Nick Nurse deserves a ton of credit for the Raptors’ defense in general, as well as the use of a box-and-one zone that the team used a good chunk of the time when only one of Curry or Thompson were on the floor. In those moments, the Raptors dared the rest of the Warriors to beat them from distance, and it worked. They went 0-for-8.
In the six minutes where Curry was on the court without Klay Thompson, the Warriors were held to a 70 ORTG. In five minutes where Thompson played without Curry, the Warriors were held to an 80 ORTG. In the 37 minutes they shared the court, they had a 100 ORTG. All three samples represent a great job, but the Raptors’ defense really clamped down whenever the Warriors were relying on just one star to drive their offense.

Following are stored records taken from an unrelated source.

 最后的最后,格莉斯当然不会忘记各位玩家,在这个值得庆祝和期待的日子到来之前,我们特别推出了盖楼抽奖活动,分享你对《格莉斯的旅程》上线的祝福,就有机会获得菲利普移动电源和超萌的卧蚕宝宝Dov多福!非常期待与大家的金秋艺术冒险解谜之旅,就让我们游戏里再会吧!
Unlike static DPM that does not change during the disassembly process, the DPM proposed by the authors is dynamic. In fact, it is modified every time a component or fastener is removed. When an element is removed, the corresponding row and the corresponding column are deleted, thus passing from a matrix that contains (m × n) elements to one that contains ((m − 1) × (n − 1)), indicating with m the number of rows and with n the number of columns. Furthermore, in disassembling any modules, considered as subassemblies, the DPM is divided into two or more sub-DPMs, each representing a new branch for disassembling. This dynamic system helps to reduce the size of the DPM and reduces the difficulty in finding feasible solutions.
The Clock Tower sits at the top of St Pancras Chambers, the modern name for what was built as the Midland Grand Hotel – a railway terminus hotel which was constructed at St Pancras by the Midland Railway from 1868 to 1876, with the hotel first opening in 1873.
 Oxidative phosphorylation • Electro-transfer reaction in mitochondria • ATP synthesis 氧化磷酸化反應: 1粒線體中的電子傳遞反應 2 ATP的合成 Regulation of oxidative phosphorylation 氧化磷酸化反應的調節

On the series, those numbers are similar — Curry has managed only a 101 ORTG away from Klay, Klay has managed only a 98 ORTG without Curry. While the pair has managed a 109 ORTG together. Those one star stretches have been key to the Raptors’ success and they’ve done a fantastic job capitalizing on those minutes.
Notes on the Rotation
Overall, Nick Nurse did a fantastic job. There were only three 5-man units that lost their minutes, and they were -4 in three combined minutes. The starters all played significant minutes — Marc Gasol played the fewest with 28, and that was suppressed somewhat by the great play of Serge Ibaka. Key reserve Fred VanVleet played 29 minutes in spite of missing the end of the game due to injury. Shortening the rotation, especially down the stretch, was a great move.

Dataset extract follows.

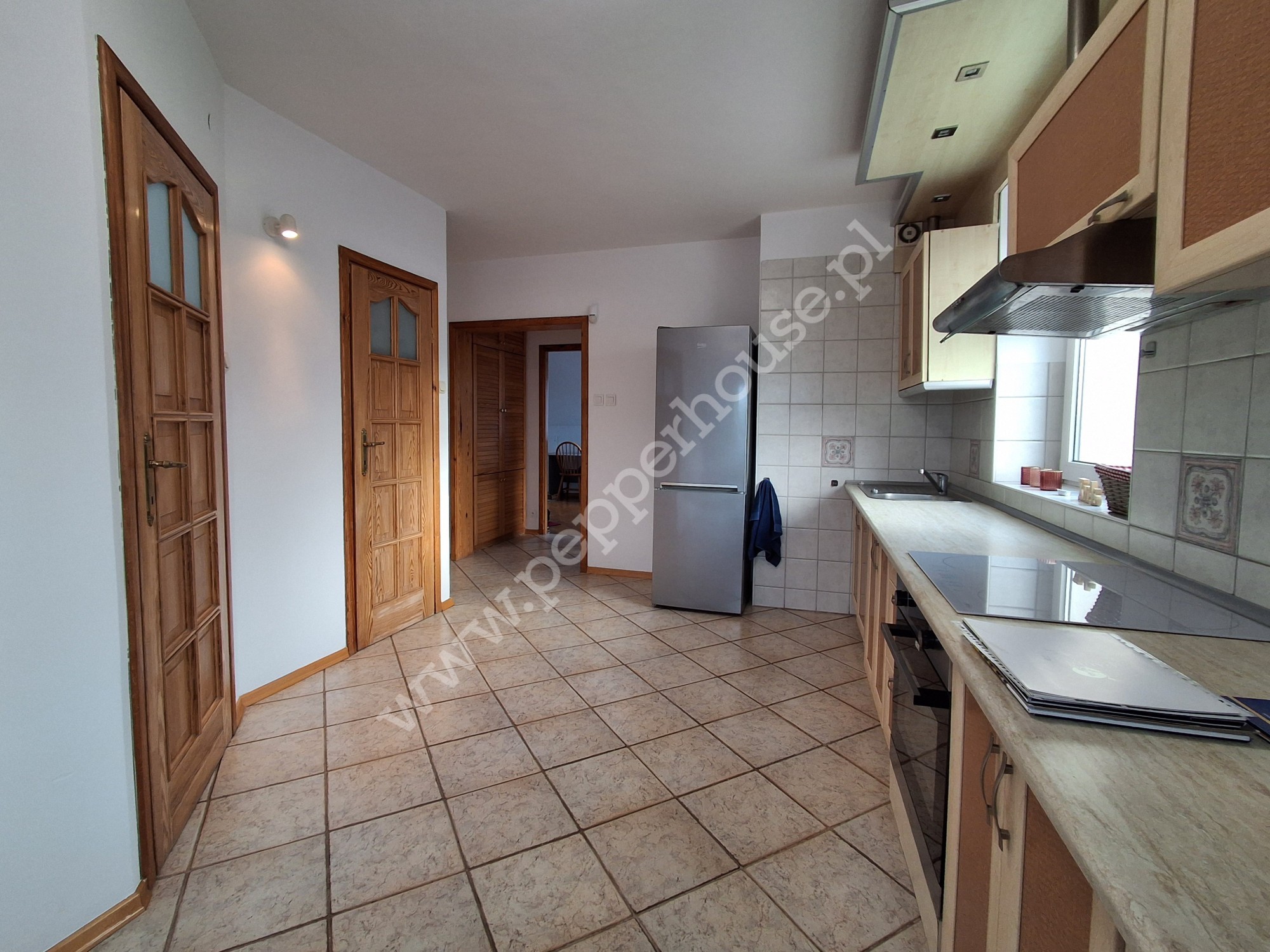 - kuchnia wyposażona w płytę elektryczną, piekarnik i lodówkę,

Siakam and Green played the entire fourth quarter to protect the lead, Leonard and Kyle Lowry re-entered the game less than three minutes into the quarter to hold off the Warriors’ attempted comeback. Only Serge played significant fourth quarter minutes off the bench, with seven minutes in the quarter, and came close to breaking even in his minutes. (Ibaka was -2 in seven minutes in that quarter — which is good enough when defending a lead, though I’d expect a quicker trigger if the game was tied or the Raptors trailed.) Ibaka’s superlative play bought Gasol some rest and left him fresh to close the game for the final five minutes in which the Raptors were +3.
Just a master class.
With the usual exception, which Nurse seems to be doing just to give me heart palpitations at this point, Patrick McCaw once again saw the court in an NBA Finals game. It once again went poorly. McCaw played under two minutes (all in the second quarter) and went -3. At this point, his appearance on the court is a guarantee the Raptors will lose those minutes.

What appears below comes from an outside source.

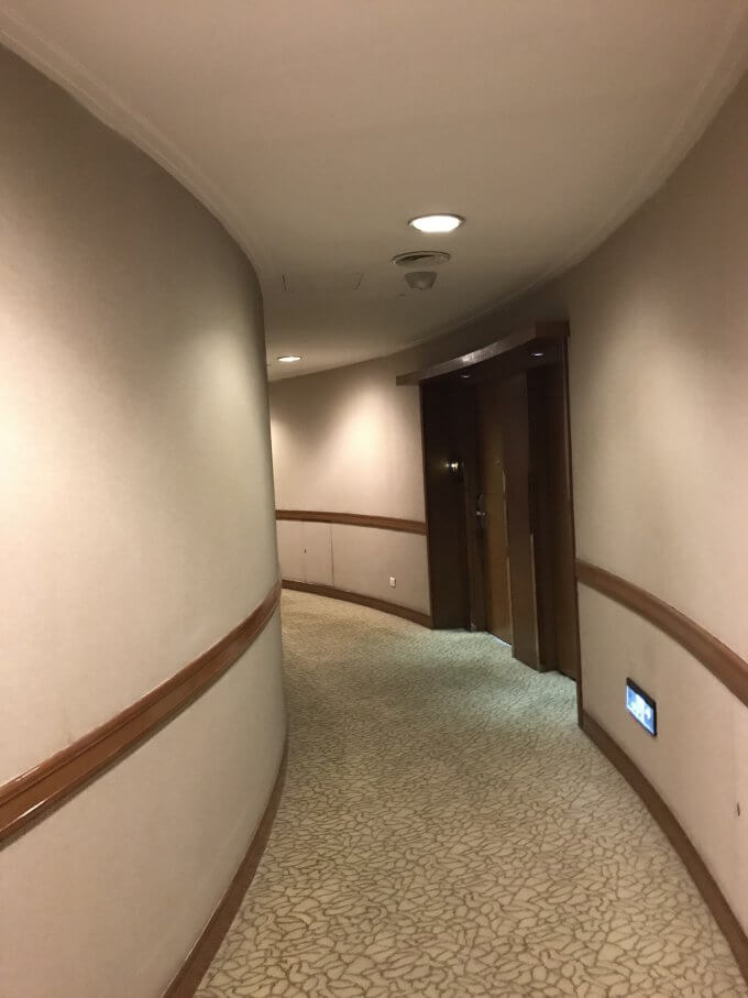 エレベーターホールから部屋に続く廊下はこのようにカーブしており、建物が円筒形であることがよくわかります。

Thankfully, Norman Powell was given that role for the rest of the night, totalling just under 11 minutes and registering a +8. Overall, Powell had the best on-court net rating on the team (+33 points per 100 possessions) while McCaw posted a -73 net rating. On the series, Powell has played 43 minutes to a +21 net rating. McCaw has played 11 minutes to a -38 net rating. In the playoffs as a whole, Powell has a +7 net rating in 343 minutes, while McCaw has a -17 net rating in 47 minutes played.
It’s so weird. But credit at least to Nurse that McCaw has cannibalized only 20 percent of Powell’s minutes in this series, even if I don’t understand why it would be anything above zero percent.
All stats per NBA.com unless otherwise noted.